Gerry was a pleasant woman with a strong face who seemed practically unflappable.
“No worries, lead on mate.”
He took the handle of the trolley and followed the old man into the car park.
“Getting a bit old to carry these.”
“Take it easy then, I don’t mind lending a hand.”
The old man smiled lamely and pointed his keys at a little lime green Fiat Punto.
“I’m not sure they’re all going to fit.”
They did, as Jay walked away the old man tried to give him a handful of change, a tip. Jay refused it politely, it was an unnecessary gesture which shed a harsh light on the exchange. He felt conscious of his uniform as he walked back into the store.
Check out our new collection of wall tiles available in grey, beige and greige! Ask a colleague for more details!
Surely the word colleague is being used incorrectly here, Jay thought. I’m your colleague, we are each other’s colleagues but I’m not ‘a colleague’ in abstract isolation, devoid of relation. As for ‘greige’, that bollocks doesn’t warrant further consideration.
As he approached the plinth he saw his boss Damian waving him over, a determined scowl on his ruddy face.
“What d’ya need Boss?”
“I wanna do a swap with you.”
“Right?”
“I’ll take over from you and you get down 15 and face-up the Mocha Illusion tiles.”
Jay pondered this nonexistent trade as he gathered a hand pump truck from the yard and headed to 15. The Mocha Illusion bay was in a bit of a state, half the boxes had fallen down the back of the display, some were open and others broken.

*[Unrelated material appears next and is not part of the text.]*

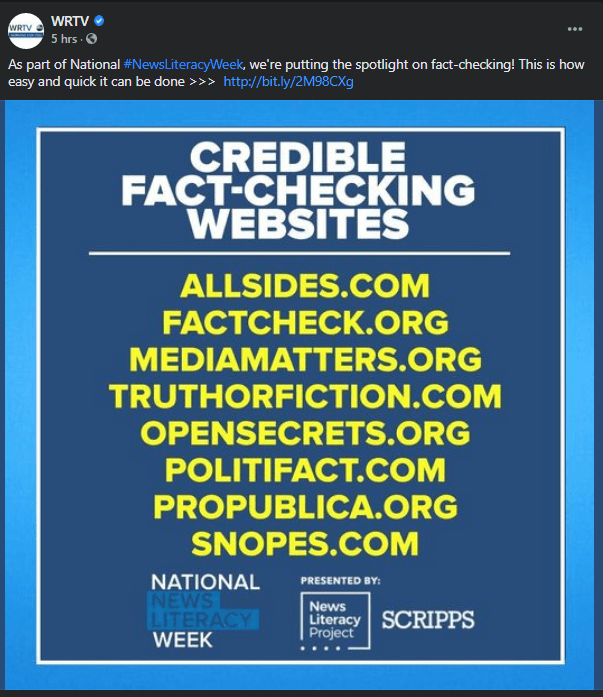Yesterday afternoon, one of my “local” news stations posted one of the most ridiculous things I have ever seen. WRTV-6 is an ABC Affiliate in Indianapolis owned and operated by the E. W. Scripps company. They have decided that these are the sources that people should use for “fact-checking” as part of “News Literacy Week.” If you’ve somehow stumbled upon my small blog, you are likely familiar with at least a couple names on those list and recognize that the majority are NOT unbiased and reliable resources. The article linked in the post has its own set of problems as well, most notably that so-called “experts” suggest that any information that doesn’t fit the proper narrative of the mainstream media are “pollution.”

He felt a familiar ache in his back as he rearranged the boxes. He had suggested that the heaviest tiles be kept in the warehouse as customers couldn’t lift them without making a mess but hadn’t got a reply.

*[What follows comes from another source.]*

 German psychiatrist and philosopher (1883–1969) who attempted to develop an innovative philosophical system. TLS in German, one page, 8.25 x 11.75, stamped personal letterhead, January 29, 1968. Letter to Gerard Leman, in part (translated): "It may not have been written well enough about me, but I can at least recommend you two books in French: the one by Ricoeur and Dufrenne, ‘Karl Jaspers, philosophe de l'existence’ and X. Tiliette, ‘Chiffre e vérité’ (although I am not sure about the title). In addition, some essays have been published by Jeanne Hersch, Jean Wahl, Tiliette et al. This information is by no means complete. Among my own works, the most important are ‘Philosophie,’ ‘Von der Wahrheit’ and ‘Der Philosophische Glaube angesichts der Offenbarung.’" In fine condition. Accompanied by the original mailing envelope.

Code 90 at checkouts, code 90 at checkouts!
The announcement was joined by the bleating of the barrier alarms, shoplifters evidently. Jay didn’t even look up, the whole thing was a farce. The company line was to ask the shoplifter to return to the store and if they didn’t then note down their route of escape, he wasn’t even sure if they called the police or just logged it in some file.

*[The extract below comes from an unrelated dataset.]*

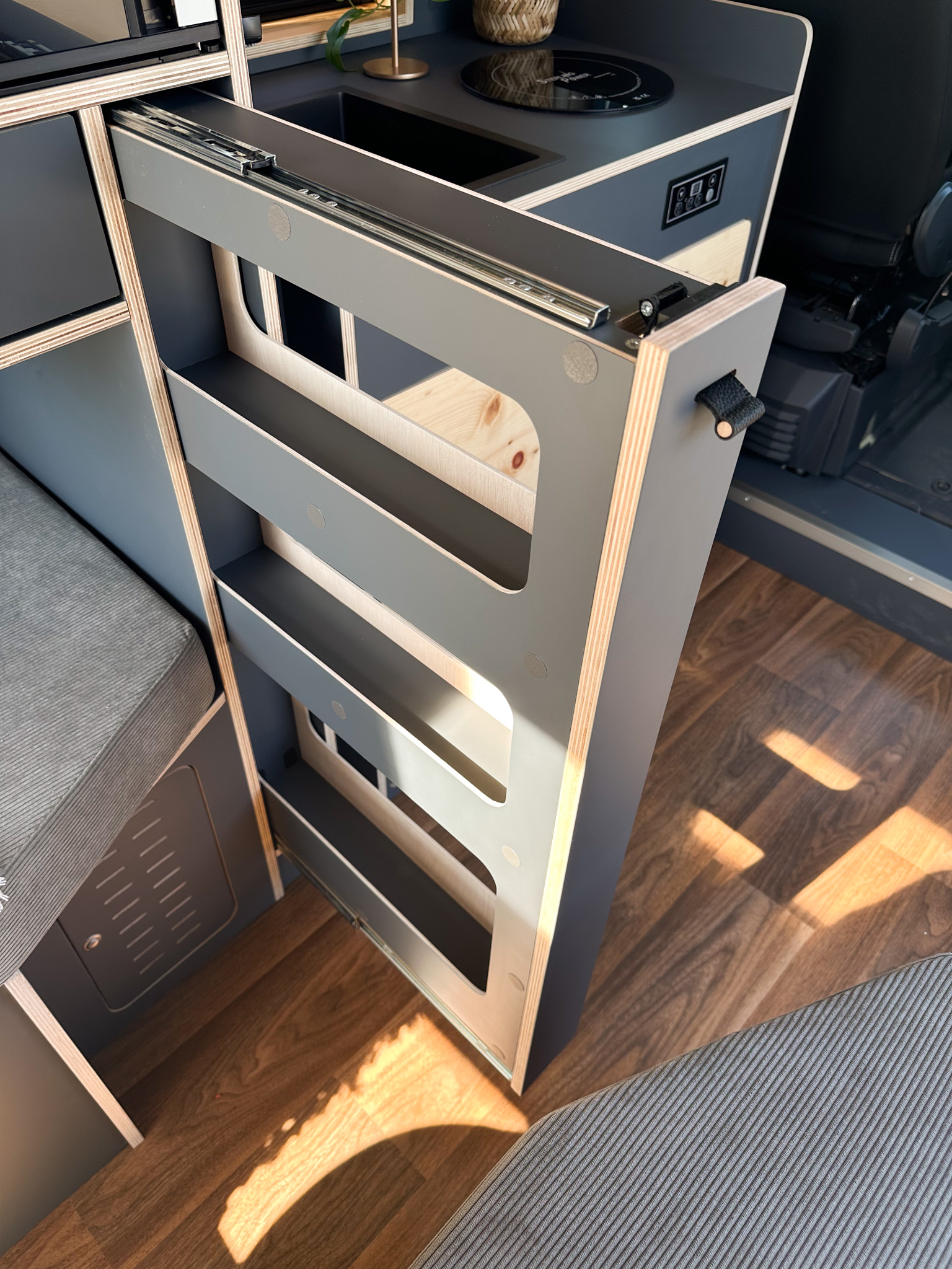 Also: weg vom klassischen Küchenkonzept im barrierefreien Wohnmobil, geschnibbelt und gekocht und gegessen wird drinnen im Sitzen, und das auch nur wenn es regnet!

Jay actually pitied the shifty, nervous characters who made such an obvious show of concealing goods. When they met his eye he just smiled and walked on, he probably threw away more stuff in a day than anyone ever stole.
When Jay’s shift ended at four, he made a beeline for the locker room, removing his badge and jacket to discourage any further customer enquiries. His high would last until he got to the bus stop.
“Why didn’t you come when I put out the Code 90? You were only down 15, I saw you.”
Ashleigh was about eighteen and the hurt on her face made Jay smile with almost paternal bemusement.
“I had to protect the Mocha Illusions, I wasn’t sure if they were coming back!”
He laughed and she frowned then let out a short impatient gasp.
“What happened to all the real men?”
Jay stopped and gestured wildly at a huge poster on the wall depicting a group of ‘colleagues’ grinning wide-eyed, holding shovels, paint rollers and drills. He’d stopped smiling.
“Hadn’t you noticed? We’re all children now!”
When he got outside it was bright, crisp and cold, a few snowflakes had begun falling. He put his headphones in his ears, left the store behind and felt a brief surge of divinity.